If the residential schools were designed to ‘kill the Indian in the child’… as the phrase so went, then the Indian Act was made to break apart the pre-existing First Nation governance, and replace it with the Crown’s.

“It’s the reason self-government is handcuffed in Canada.” says Merle Alexander, a partner at Gowling WLG in Vancouver and a member of the Kitasoo Xai’xais First Nation. 

Prime Minister Justin Trudeau’s government isn’t the first to promise the reform of Idigenious relationships between the Crown and People during an election campaign. And he definitely won’t be the last. (Unless he manages to pull a rabbit from a hat on this one) 

But it’s undoubtedly hard work.

And in back in 2017 Trudeau followed through on a recommendation that dates back to the 1996 Report of the Royal Commission on Aboriginal Peoples; splitting Indigenous and Northern Affairs into two separate departments. What does this mean?

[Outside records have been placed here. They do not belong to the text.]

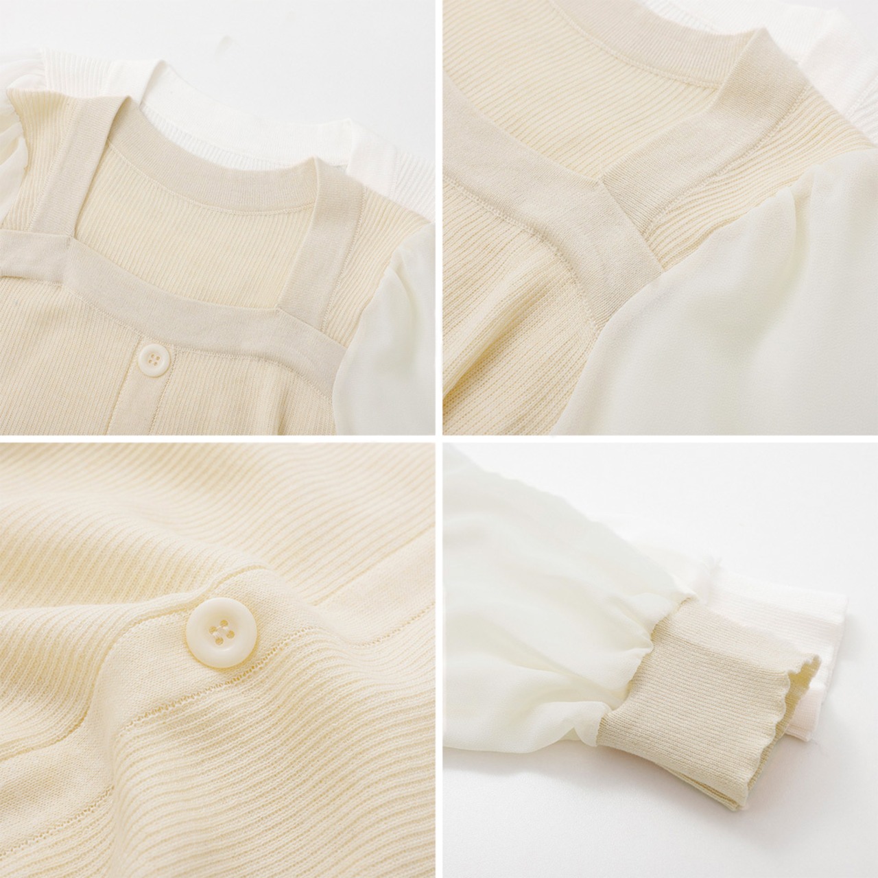 袖から覗く素肌がセンシュアルなシフォン切り替えシャツブラウス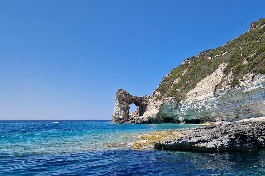 Eenmaal boven aan de boog kunt u de ‘brug’ oversteken en genieten van het uitzicht over de kust en zelfs helemaal tot aan Antipaxos. De brug is breder dan hij lijkt, maar toch alleen geschikt voor waaghalzen. Het panoramische uitzicht op de omringende kustlijn, met zijn grillige kliffen en prachtige blauwe water, is adembenemend. De boog is niet alleen een visueel wonder, maar ook een symbool van de geologische geschiedenis van het eiland. De krachten die deze unieke formatie hebben gevormd herinneren aan de natuurlijke processen die het landschap van Paxos blijven vormgeven. Het biedt een fascinerende blik op de dynamische krachten die onder het aardoppervlak aan het werk zijn.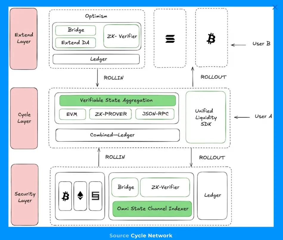 Cycle Network的技术架构旨在通过三大核心组件——安全层、扩展层和Cycle层,将多链网络整合为统一的无桥结算层。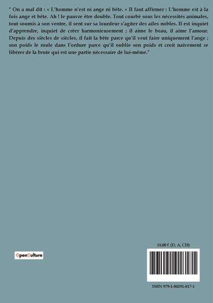 " On a mal dit : « L¿homme n¿est ni ange ni bête. » Il faut affirmer : L¿homme est à la fois ange et bête. Ah ! le pauvre être double. Tout courbé sous les nécessités animales, tout soumis à son ventre, il sent sur sa lourdeur s¿agiter des ailes nobles. Il est inquiet d¿apprendre, inquiet de créer harmonieusement ; il aime le beau, il aime l¿amour. Depuis des siècles de siècles, il fait la bête parce qüil veut faire uniquement l¿ange ; son poids le roule dans l¿ordure parce qüil oublie son poids et croit naïvement se libérer de la brute qui est une partie nécessaire de lui-même."

It means that Indigenous Services; responsible for the delivery of, obviously services in non-self-governing Indigenous communities. And the other; Crown-Indigenous Relations and Northern Affairs, would be solely responsible for running the Indian Act.

If this is confusing, don’t worry. It gets even moreso the more you look into it…

Maybe that why we’re so hesitant to tackle this giant of a cause.

David Newhouse, director of the Chanie Wenjack School for Indigenous Studies at Trent University, wrote in a recent paper published in Policy Options. “Reforming the Act in one fell swoop, or repealing it, would be enormously disruptive to First Nations.” Abolishing the Indian Act with the single stroke of a pen isn’t exactly a recipe for success either… many Indigenous communities if not most, would see it as another attempt at ‘re-colonization’ rather than ‘decolonization’. 

The problem is the Indian Act is deeply interwoven into the fabric of First Nations over seven generations,” says Merle Alexander. “It’s embedded in almost every aspect of life on a reserve, and has had a terrible effect on how First Nations people see themselves.”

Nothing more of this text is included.